Error detection/correction and fault detection/recovery – Pulse or data error handling – Memory testing
Reexamination Certificate
1998-02-23
2001-01-16
Chung, Phung M. (Department: 2785)
Error detection/correction and fault detection/recovery
Pulse or data error handling
Memory testing
C365S185030
Reexamination Certificate
active
06175937
ABSTRACT:
TECHNICAL FIELD
The present invention relates to multistate memory devices, and more specifically, to an apparatus and method for programming such devices and verifying the programmed data.
BACKGROUND OF THE INVENTION
In conventional single-bit per cell memory devices, the memory cell assumes one of two information storage states, either an “on” state or an “off” state. The binary condition of “on” or “off” defines one bit of information. As a result, a memory device capable of storing n-bits of data requires (n) separate memory cells.
Increasing the number of bits which can be stored using single-bit per cell memory devices depends upon increasing the number of memory cells on a one-for-one basis with the number of bits of data to be stored. Methods for increasing the number of memory bits stored in a memory device composed of single-bit capacity cells have relied upon techniques such as manufacturing larger die which contain more memory cells, or using improved photolithography techniques to build smaller memory cells. This is effective because reducing the size of a memory cell allows more cells to be placed on a given area of a single die.

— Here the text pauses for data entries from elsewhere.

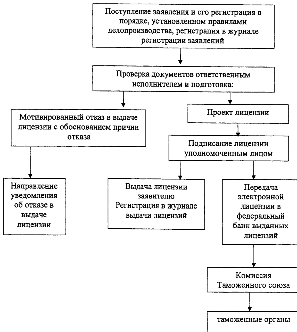
Схема исполнения административных процедур, выполняемых при предоставлении государственной услуги по рассмотрению документов и принятия решений о выдаче лицензий на экспорт и (или) импорт отдельных видов товаров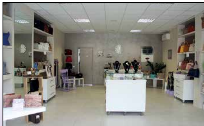
Il negozio di Madame Coco a Montichiari dopo la Farmacia Comunale.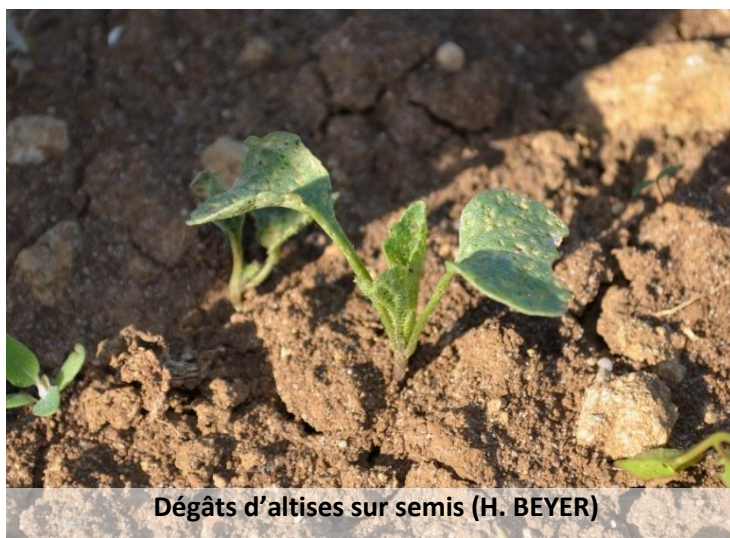
Dégâts d'altises sur semis (H. BEYER)

Les observations sur crucifères pour cette semaine ont été réalisées sur trois sites sur les secteurs de Toul, Nancy et Lunéville. Aucun foyer de puceron n'a été observé, et peu d'altises sont présentes sur les choux bien que les dégâts soient parfois importants. Quelques aleurodes sont également observés, mais la pression reste faible.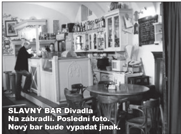
SLAVNÝ BAR Divadla Na zábradlí. Poslední foto. Nový bar bude vypadat jinak.

No vida! A to to jednu chvíli vypadlo, že nejslavnější malou scénu v Praze zavřou. Nyní už je jasné, že Divadlo Na zábradlí bude nejen pokračovat na své adrese, ale ještě bude krásnější.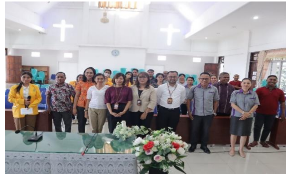
Gambar 2. Kegiatan PKM 1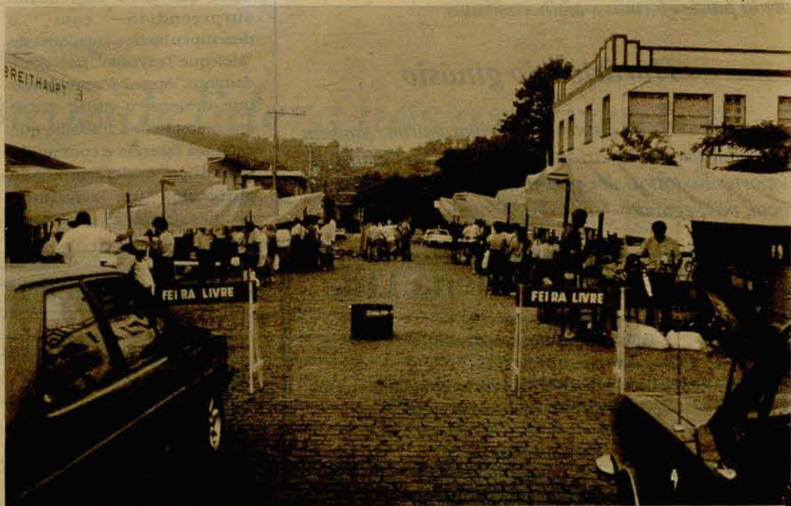
Panorama da nova feira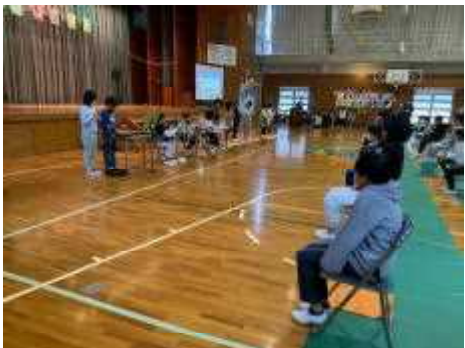
3年生「クイズ 6年生に聞いてみました！」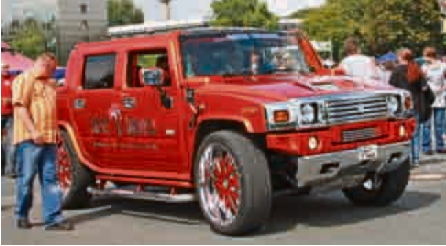
Deutschlands Lieblingsbordellbetreiber Bert Wollersheim gab sich die Ehre in einem fetten Hummer.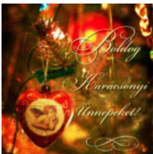
Boldog Karácsonyt mindenkinek!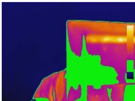
Pokročilá analýza: Funkce Isotherm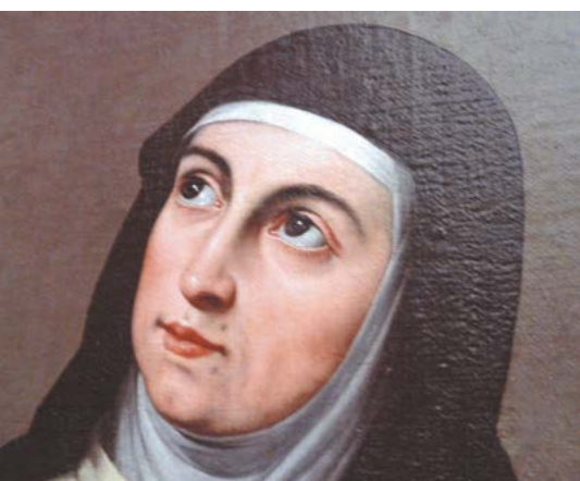
Santa Teresa de Ávila

G randes mujeres y Santas han dejado mella en la historia, ellas proyectan con sus dones de fortaleza y entrega, que es posible triunfar sin dejar de lado lo esencial de ser mujer y a la vez sin perder su rol de generadora de vida en la sociedad. Estas mujeres se pueden definir con tres simples pero profundas palabras: Amor, pequeñez y Apóstol; Santa Teresa de Ávila, Santa Teresita del niño Jesús y Santa Laura Montoya respectivamente son mujeres que fueron escogidas por Dios para glorificarlo mediante su entrega y sacrificio, cada una de ellas con un carisma y dones otorgados de una manera diferente pero que se complementan en el rol de la mujer en la actualidad.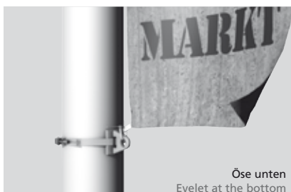
Öse unten Eyelet at the bottom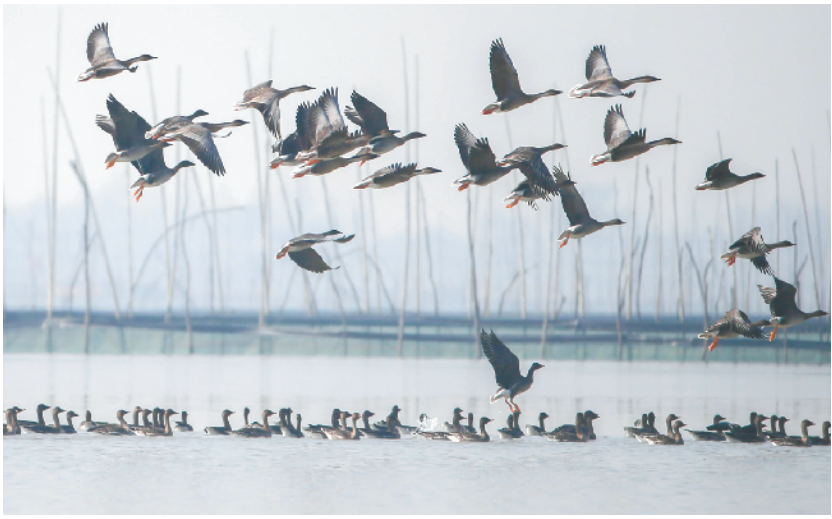
江苏盱眙:湿地成为“候鸟乐园”

新华社北京11月12日电（齐中熙 赵健）记者从中国铁建股份有限公司获悉，历经4年的艰苦施工，我国十三五期间的重点建设项目、四川两河口水电站控制性工程——跨库特大桥12日按期实现主桥合龙，这也是目前我国在藏区修建的最高公路桥。 据中铁十八局集团跨库特大桥项目经理刘玉兴介绍，位于四川省甘孜藏族自治州的两河口水电站跨库特大桥，位于海拔2900多米的川西高原，全长628米。主桥设计采用了T型刚构混凝土连续梁结构，最大跨度220米的主桥一跨飞越雅砻江大峡谷，矗立在悬崖峭壁上的桥墩群桩基础深达52米，主桥墩高172米。 由于大桥所处环境属于高寒、高烈度地震区，昼夜温差大。加之大桥桥面距离江面的高度超过了280米，瞬间最大风力可达十三级，工程风险和施工技术难度国内罕见。建设、设计、监理和施工单位联合展开攻关，不断优化技术方案，成功实现大桥高墩和桥梁主体的线型精度控制，主桥合龙的精度误差控制在5毫米，为明年9月大桥建成通车奠定了基础，同时也为两河口水电站按期建成发电创造了条件。

An alternative to single-bit per cell designs is the storage of multiple-bits of data in a single memory cell. One type of memory in which this approach has been followed is an electrically erasable and programmable device known as a flash memory cell. In flash cells, programming is carried out by applying appropriate voltages to the source, drain, and control gate of the device for an appropriate time period. This causes electrons to tunnel or be injected from a channel region to a floating gate. The amount of charge residing on the floating gate determines the voltage required on the control gate in order to cause the device to conduct current between the source and drain regions. This voltage is termed the threshold voltage, V
th
, of the cell. Conduction represents an “on” or erased state of the device and corresponds to a logic value of one. An “off” or programmed state is one in which current is not conducted between the source and drain regions and corresponds to a logic value of zero. By setting the threshold voltage of the cell to an appropriate value, the cell can be made to either conduct or not conduct current for a given set of applied voltages. Thus, by determining whether a cell conducts current at the given set of applied voltages, the state of the cell (programmed or erased) can be found.
A multi-bit or multistate flash memory cell is produced by creating multiple, distinct threshold voltage levels within the device. Each distinct threshold voltage corresponds to a value of a set of data bits, with the number of bits representing the amount of data which can be stored in the multistate cell. This method allows multiple bits of binary data to be stored within the same memory cell. When reading the state of the memory cell, the threshold voltage value or range of values for which the memory cell conducts current (as determined by comparison with a sense amplifier having a preselected reference value) corresponds to a binary decoded value representing the programmed data. The threshold voltage level for which the cell conducts thus corresponds to a bit set representing the data programmed into the cell. Proper data storage requires that the multiple threshold voltage levels of a memory cell be separated from each other by a sufficient amount so that a level of a cell can be programmed or erased in an unambiguous manner. The relationship between the data programmed into the memory cell and the threshold voltage levels of the cell depends upon the data encoding scheme adopted for the cells.
In programming a multistate memory cell, the objective is to apply a programming voltage over a proper time period to store enough charge in the floating gate to move the threshold voltage of the cell to a desired level. This level represents a state of the cell corresponding to an encoding of the data which is to be programmed into the cell. One method of programming such memory cells is to send digital data corresponding to the number of bits which can be programmed into a memory cell to the cell where it is encoded to determine the threshold voltage level which is to be set for that cell during a programming operation. The state machine for the memory system would then control the programming and data verification for each bit. Although this method can be used to program multistate memory cells, it is inefficient and not cost-effective because the programming and encoding logic must be duplicated for each block of memory cells.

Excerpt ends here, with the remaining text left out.